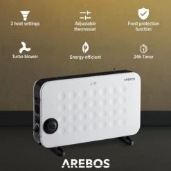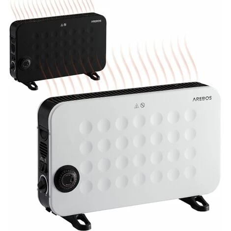 Whether as an effective supplementary heater or for seldom-used, unheated rooms – with the energy-saving convector heater from AREBOS you can enjoy cosy instant heat in autumn, winter and even on cool spring days. With a heating power of 2000 watts, the convector provides pleasant comfortable temperatures in rooms up to 24 m² or 60 m³ – ideal e.g. in the living room, bedroom, bathroom, children’s room, hobby cellar, office, party room, in the holiday flat, in sales rooms or in your conservatory.
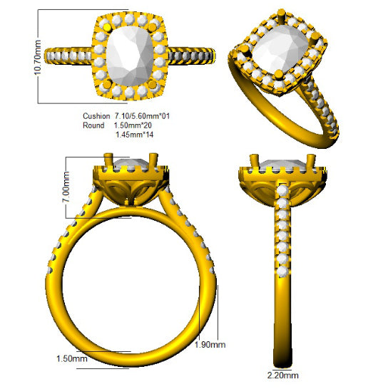 1 Cushion Yellow Diamond 1.5ct
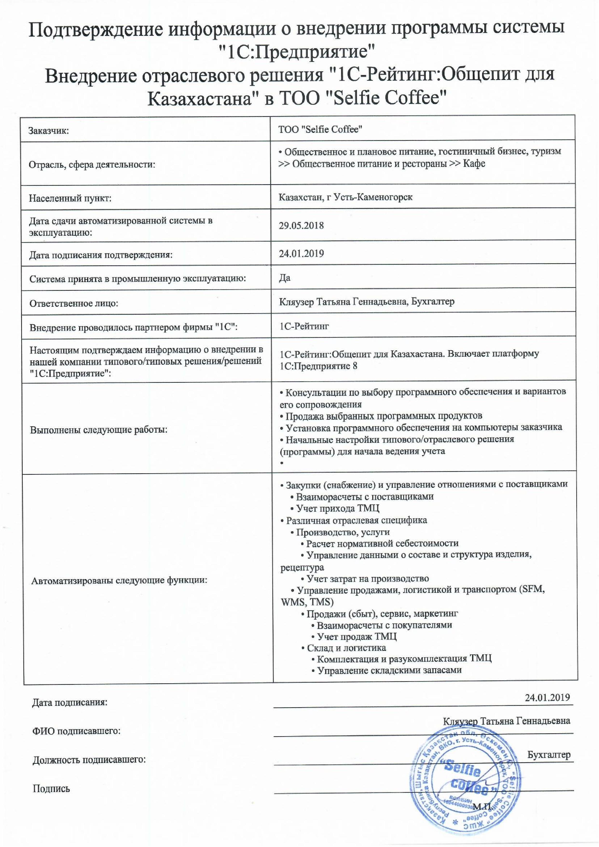 | Внедренное отраслевое решение: | 1С-Рейтинг: Общепит для Казахстана |
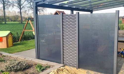 Fence type: | Glas Sichtschutz mit vierkant Aluminium-Nutpfosten einbetoniert |
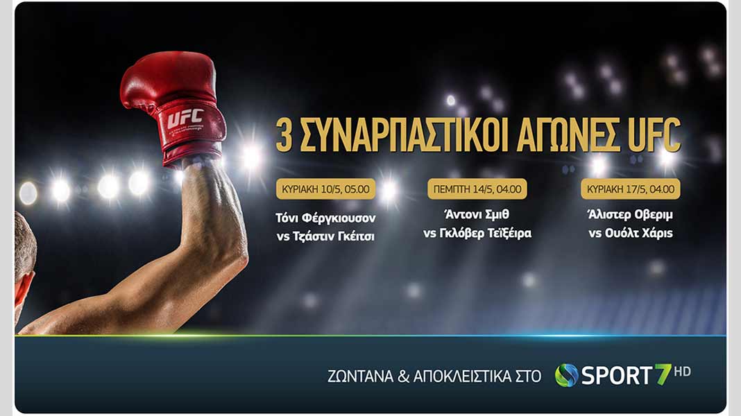 Οι συναρπαστικοί αγώνες του UFC (Ultimate Fighting Championship) συνεχίζονται κανονικά -χωρίς την παρουσία κοινού- και η COSMOTE TV έχει εξασφαλίσει σε ζωντανή αποκλειστική μετάδοση στα κανάλια COSMOTE SPORT HD τις επόμενες 3 πολυαναμενόμενες αναμετρήσεις της διοργάνωσης, για τους φίλους των μαχητικών σπορ. Οι αγώνες θα μεταδοθούν την εβδομάδα 10-17/5 στο COSMOTE SPORT 7HD.
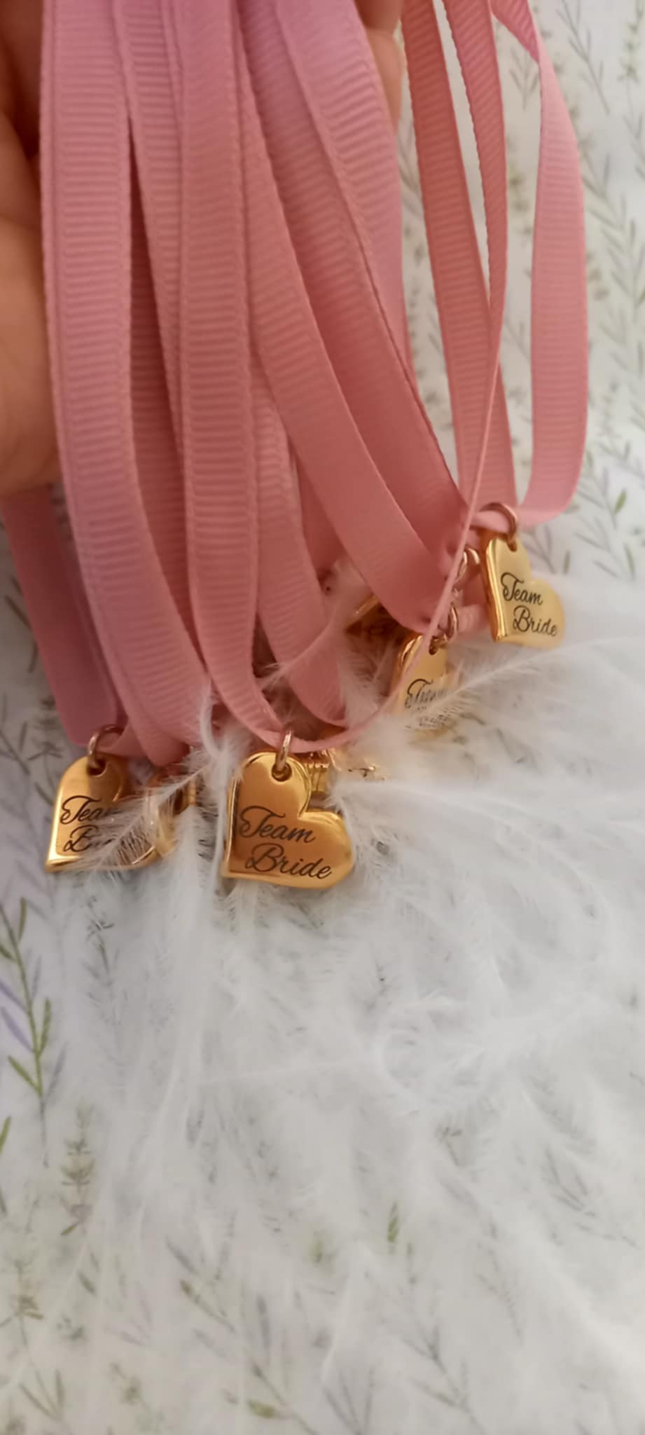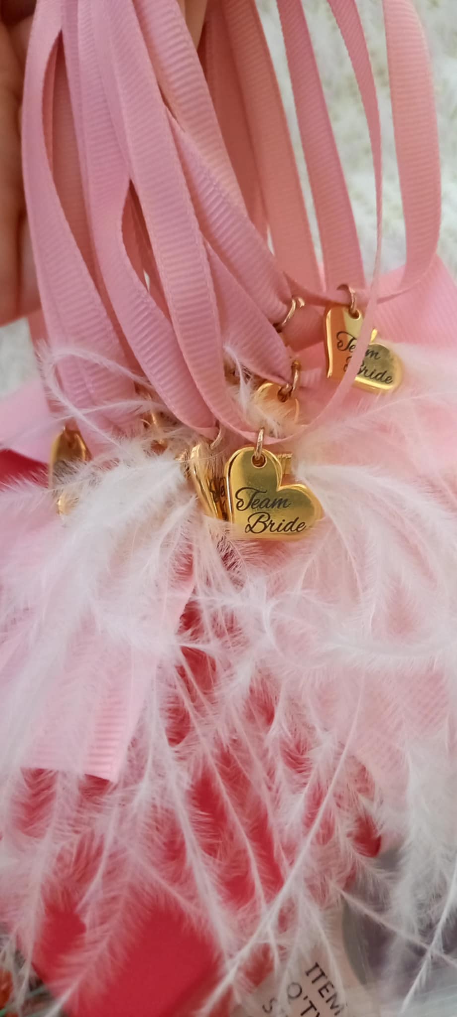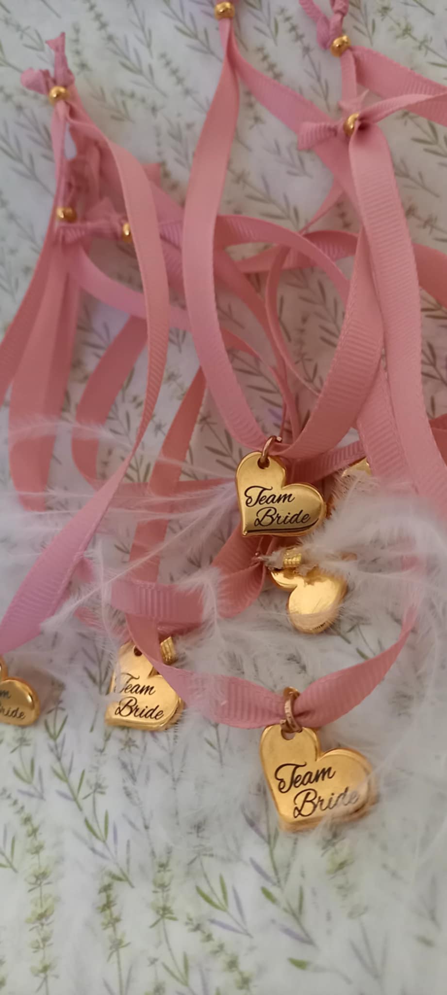Βραχιόλι για bachelor party με κορδέλα σε ροζ χρώμα, επιχρυσωμένη καρδιά team bride και φτερά στην ίδια απόχρωση.

• **Description of the task**
From the line with "Fence type: |" to the last line of the material, both inclusive, set down every line exactly and nothing else; omit pictures.

• **Response**
 Fence type: | Glas Sichtschutz mit vierkant Aluminium-Nutpfosten einbetoniert |
 Οι συναρπαστικοί αγώνες του UFC (Ultimate Fighting Championship) συνεχίζονται κανονικά -χωρίς την παρουσία κοινού- και η COSMOTE TV έχει εξασφαλίσει σε ζωντανή αποκλειστική μετάδοση στα κανάλια COSMOTE SPORT HD τις επόμενες 3 πολυαναμενόμενες αναμετρήσεις της διοργάνωσης, για τους φίλους των μαχητικών σπορ. Οι αγώνες θα μεταδοθούν την εβδομάδα 10-17/5 στο COSMOTE SPORT 7HD.
Βραχιόλι για bachelor party με κορδέλα σε ροζ χρώμα, επιχρυσωμένη καρδιά team bride και φτερά στην ίδια απόχρωση.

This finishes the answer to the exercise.